◆ PROVIDED DATA ◆
+++
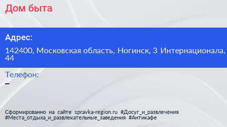 Дом быта по адресу 142400, Московская область, Ногинск, 3 Интернационала, 44 в дальнейшем Организация, размещена в следующих категориях:
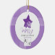 Elegant Lilac Violet Tartan Monogram Julgransprydnad Keramik
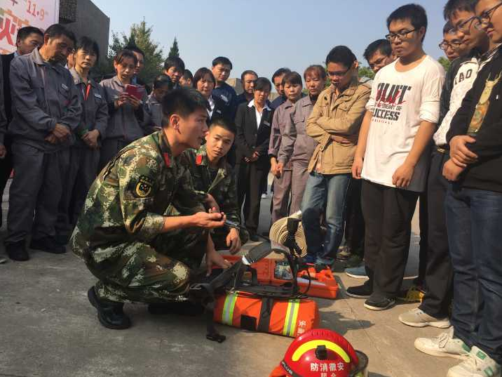 活动在现场师生的满怀期待中拉开序幕,消防官兵首先讲解了消防服的穿戴要点,并且特别强调了所使用的呼吸器在火场中最多能够维持30min,因此一定要在30min内完成对火场人员的救援。随后由2016届本科班的安全委员、学校的后勤管理人员以及到场的其他同学们进行消防服的试穿体验。
+++
◆ YOUR TASK ◆
Leave out the pictures and repeat exactly the lines from the first line of the data through the line containing "Elegant Lilac Violet". Add nothing else.

◆ ANSWER TO THIS TASK ◆
 Дом быта по адресу 142400, Московская область, Ногинск, 3 Интернационала, 44 в дальнейшем Организация, размещена в следующих категориях:
 Elegant Lilac Violet Tartan Monogram Julgransprydnad Keramik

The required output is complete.